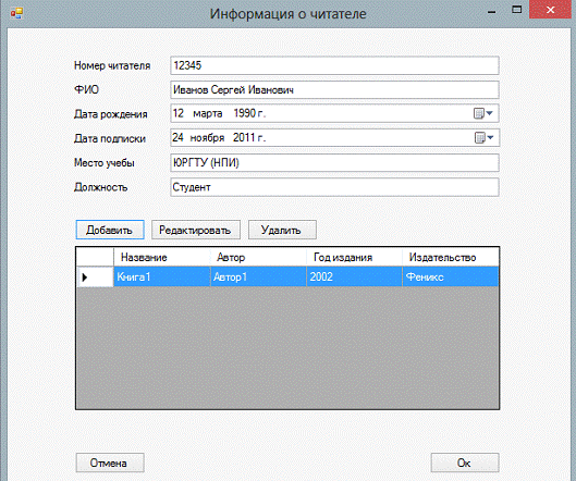 кнопку добавить, ввести информацию о читателе и нажать кнопку «Ок».
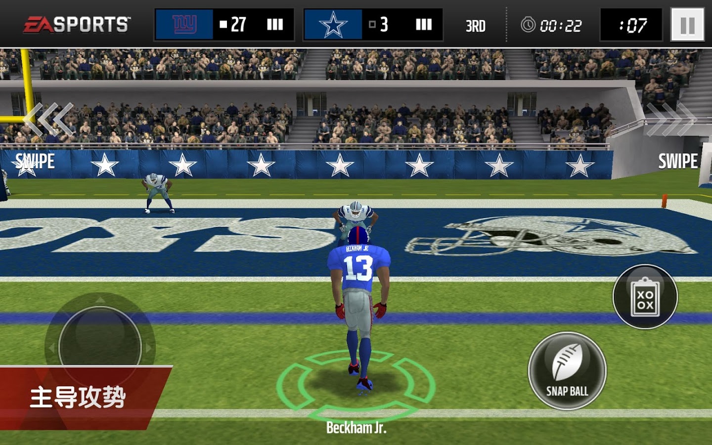 游戏采用先进的物理引擎和逼真的画面效果,完美还原了美式橄榄球的赛场对抗和战术配合。
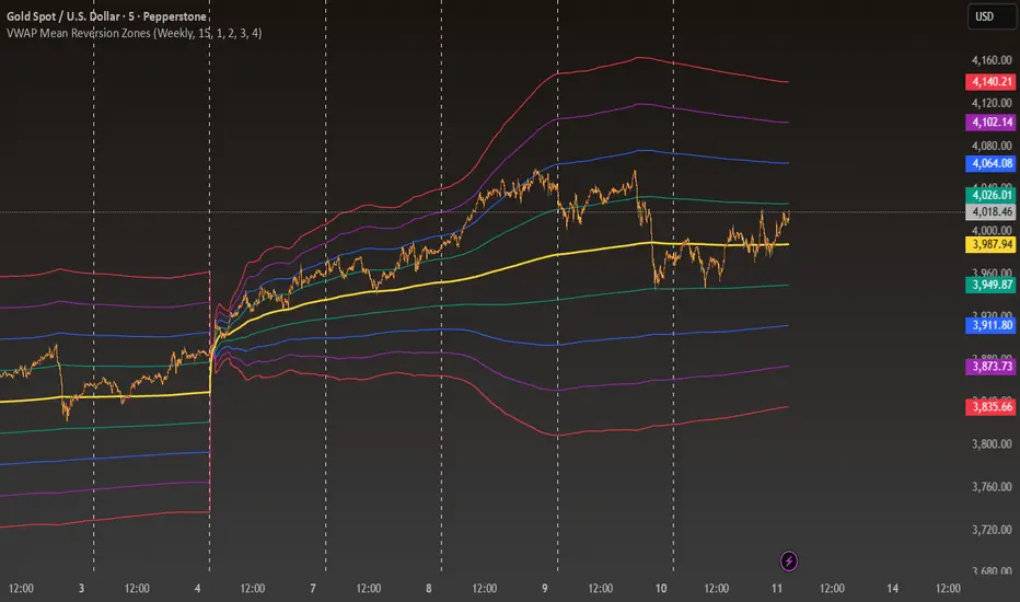 VWAP Mean Reversion Zones is a multi-timeframe VWAP indicator designed to reveal price deviations and volatility structure across higher-timeframe anchors. It calculates a Volume-Weighted Average Price (VWAP) from a user-selectable timeframe (Daily, Weekly, or Monthly) and overlays it directly on your chart.
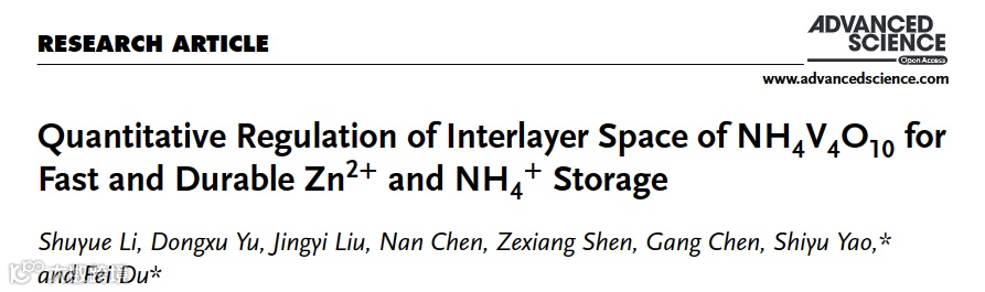 基于此,吉林大学杜菲教授团队在国际知名期刊Advanced Science上发表题为“Quantitative Regulation of Interlayer Space of NH4V4O10 for Fast and Durable Zn2+ and NH4+ Storage”的文章。
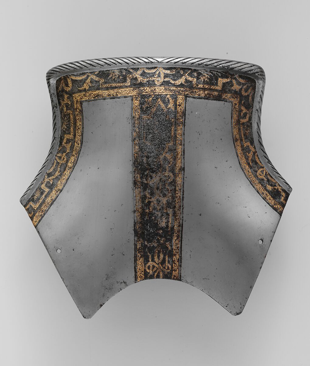 This piece provides evidence for the existence of an important Augsburg armor, otherwise unrecorded, of exceedingly high quality. Its etched decoration closely resembles that on the so-called Lark Garniture in Vienna (Hofjagd- und Rüstkammer, Kunsthistorisches Museum, A611), made in Augsburg in 1563 for Archduke Karl of Styria (1540–1590), the youngest son of Emperor Ferdinand I, who served as governor of the province of Inner Austria from that date. Named for the eagles (romantically identified as larks in the nineteenth century) on the coat of arms of Inner Austria, the armor has these birds etched within the strapwork cartouches that repeat over its surfaces. A third armor etched with a closely related strapwork design, now in the Philadelphia Museum of Art (Kienbusch Collection, 1977-167-13), bears cartouches filled with a variety of wild animals. The Metropolitan Museum's pommel plate differs from the Vienna and Philadelphia armors in small but significant details, including the pattern of the strapwork, the contents of the cartouches, and the ornament within the gilt side bands. All three armors, however, exhibit the same precise etching with strong color contrasts and a harmonious balance between the decoration and the brightly polished steel surfaces. It seems likely that they were etched in the same workshop, but unfortunately neither the name of the etcher nor that of the armorer is recorded.

** Problem to work on **
Omit every picture, and please return the entries exactly from the first line through the line with "Regulation of Interlayer", both included.

** Response below **
 кнопку добавить, ввести информацию о читателе и нажать кнопку «Ок».
 游戏采用先进的物理引擎和逼真的画面效果,完美还原了美式橄榄球的赛场对抗和战术配合。
 VWAP Mean Reversion Zones is a multi-timeframe VWAP indicator designed to reveal price deviations and volatility structure across higher-timeframe anchors. It calculates a Volume-Weighted Average Price (VWAP) from a user-selectable timeframe (Daily, Weekly, or Monthly) and overlays it directly on your chart.
 基于此,吉林大学杜菲教授团队在国际知名期刊Advanced Science上发表题为“Quantitative Regulation of Interlayer Space of NH4V4O10 for Fast and Durable Zn2+ and NH4+ Storage”的文章。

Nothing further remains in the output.